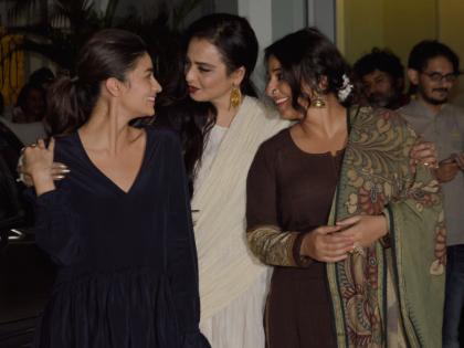 ब लिवूड अभिनेत्री विद्या बालन सध्या बेगम जान या आगामी सिनेमाबाबत बरीच उत्सुक आहे. रसिकांमध्येही विद्याच्या या भूमिकेविषयी उत्कंठा आहे. पुढच्या आठवड्यात हा सिनेमा रसिकांच्या भेटीला येणार आहे. मात्र हा सिनेमा रसिकांच्या भेटीला येण्याआधी रसिकांना अनोखं दृष्य पाहायला मिळालं.ते म्हणजे उमराव जान आणि बेगम जान एकत्र आल्याचं.हिंदी चित्रपटसृष्टीच्या उमराव जान अर्थात अभिनेत्री रेखा आणि बेगम जान म्हणजेच अभिनेत्री विद्या बालन यांची भेट घडून आली.
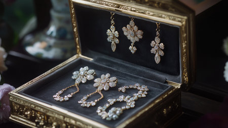 This exquisite vintage jewelry display showcases sparkling earrings with a floral design, elegantly arranged in a luxurious box, perfect for special occasions.
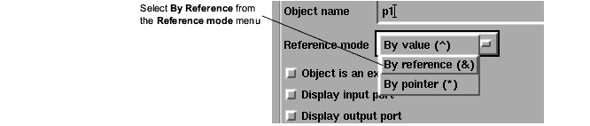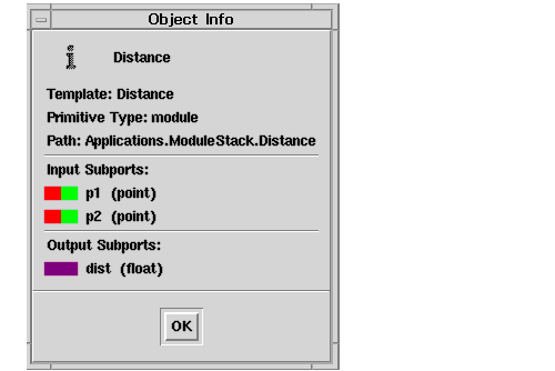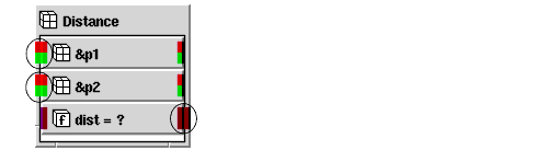 For the Distance module, you want input parameters p1 and p2 to get their values through connections to other objects. This is called by-reference mode. You will see the effects of reference mode later, when you use Distance in an application.
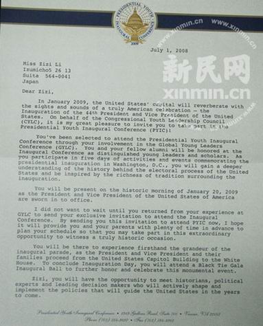 新民網29日致電該女生所在的成都市實驗外國語學校,分管德育工作的副校長李俊說,該校高一女生李紫子獲邀參加奧巴馬就職典禮確有其事,但發出邀請函的單位并不是美國國會,而是國會下屬的一個名為“全球青少年領袖論壇”(the Congressional Youth Leadership Council)的青少年組織。去年8月,李紫子因參加了該組織舉辦的比賽并表現出色,因此才會收到邀請函。
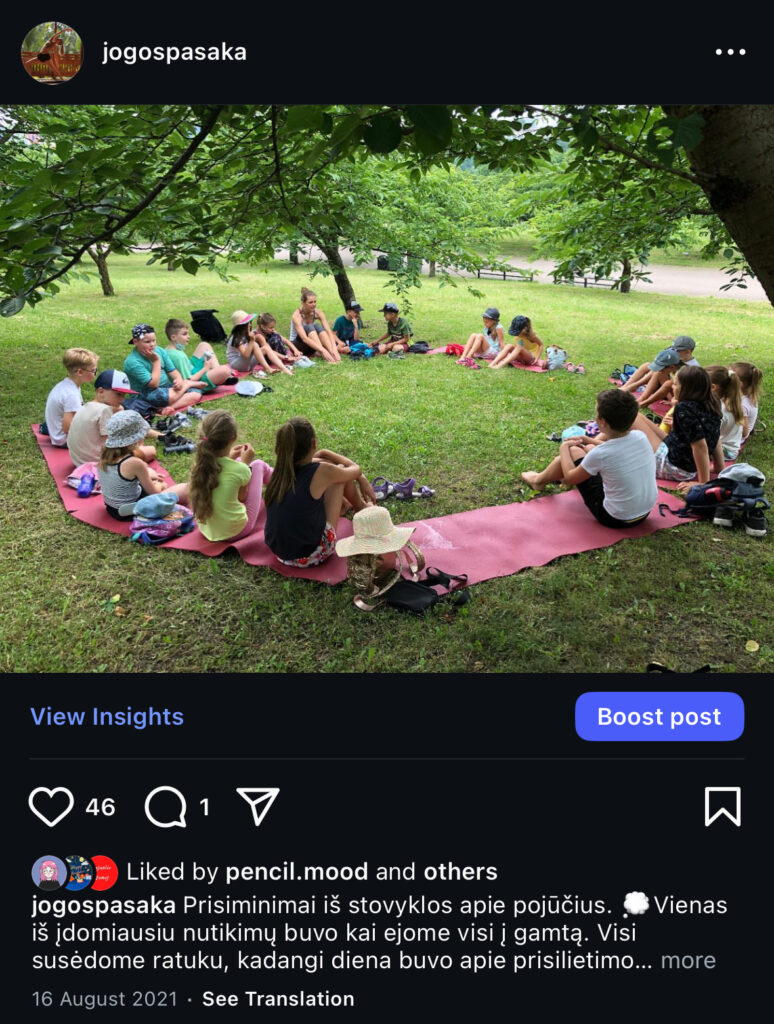 Labai džiaugiamės, kad radome šį būrelį, kuris tikrai išskirtinis rinkoje, rekomenduojame visiems pabandyti, gera treniruotė vaikams kartu ir fiziškai ir emociškai, nes užduotys labai įvairios. Ir žinoma ačiū nuostabiai mokytojai Indrei už visa tai 🙂

========

> _EXERCISE OBJECTIVE_
From the records above, transcribe exactly the lines starting at the one containing "This exquisite vintage" and ending at the one containing "For the Distance". Skip the pictures.

> _OUTPUT FOR THIS EXERCISE_
 This exquisite vintage jewelry display showcases sparkling earrings with a floral design, elegantly arranged in a luxurious box, perfect for special occasions.
 For the Distance module, you want input parameters p1 and p2 to get their values through connections to other objects. This is called by-reference mode. You will see the effects of reference mode later, when you use Distance in an application.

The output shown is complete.